- _PROBLEM_
Everything from the line that holds "2011年10月25日,wi" through the end of the listing below must be retyped word for word, without any pictures.

- _DATA_
************

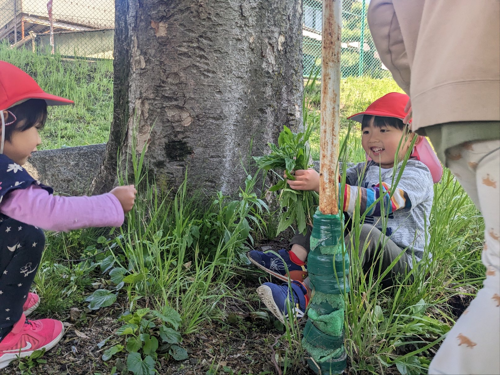 大きくなった草を根元から引っこ抜きます。どうやら野菜の収穫をしているみたいですよ。たくさん収穫した野菜は、この後タイヤのバーベキューコンロで焼いていただきました!
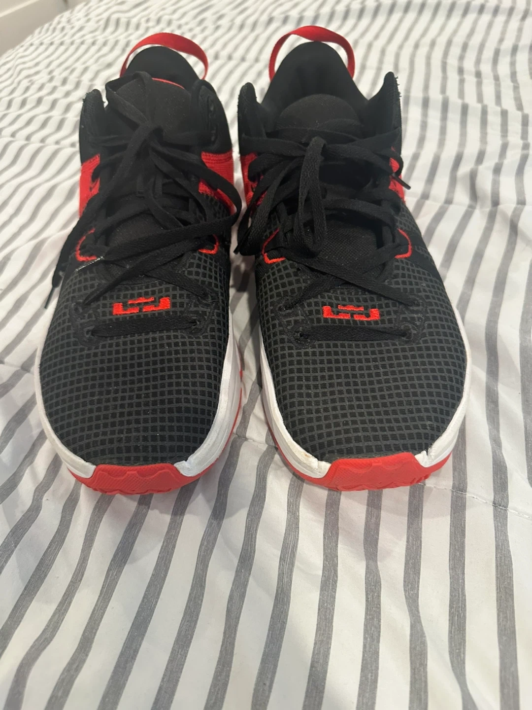 Selling a pair of Nike LeBron Witness VII basketball shoes in black and red. Still great I just grew out of them
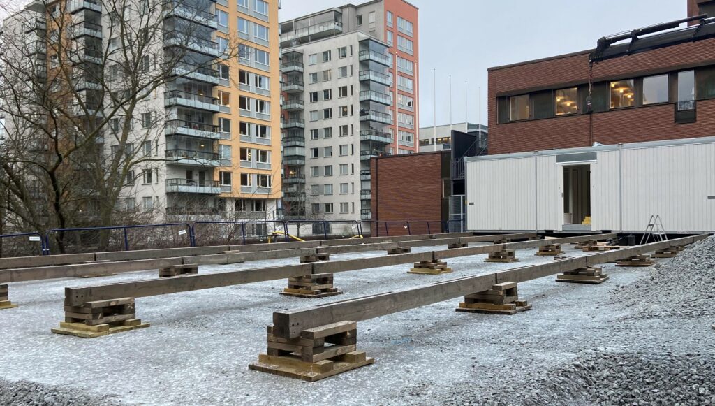 Nu är arbetet i full gång och 18 lågenergibodar håller nu på att installeras i kvarteret. Byggarbetsplatsens energiförbrukning kommer mätas och följas upp under produktionstiden. Tack Wangeskog Hyrcenter för att ni med era högt ställda mål vad gäller klimatsmarta lösningar, erfarenhet och kunskap hjälpte oss att få till detta!
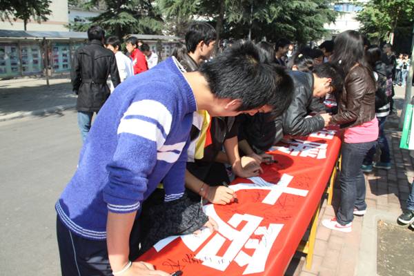 2011年10月25日,williamhill英国中文举行了“拒绝冷漠,传递温暖,大爱中国”大型签名活动。同学们积极参与,在条幅上郑重签上了自己的名字,以表达自己弘扬中华传统美德、唤起社会大众爱心的决心。
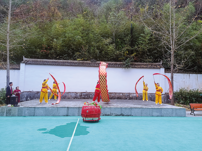 傍晚时分,太子坪村村民在文化大舞台上排练节目。红黄戏服伴着锣鼓声声,尽显乡土活力。

************

- _WRITTEN SOLUTION_
 2011年10月25日,williamhill英国中文举行了“拒绝冷漠,传递温暖,大爱中国”大型签名活动。同学们积极参与,在条幅上郑重签上了自己的名字,以表达自己弘扬中华传统美德、唤起社会大众爱心的决心。
 傍晚时分,太子坪村村民在文化大舞台上排练节目。红黄戏服伴着锣鼓声声,尽显乡土活力。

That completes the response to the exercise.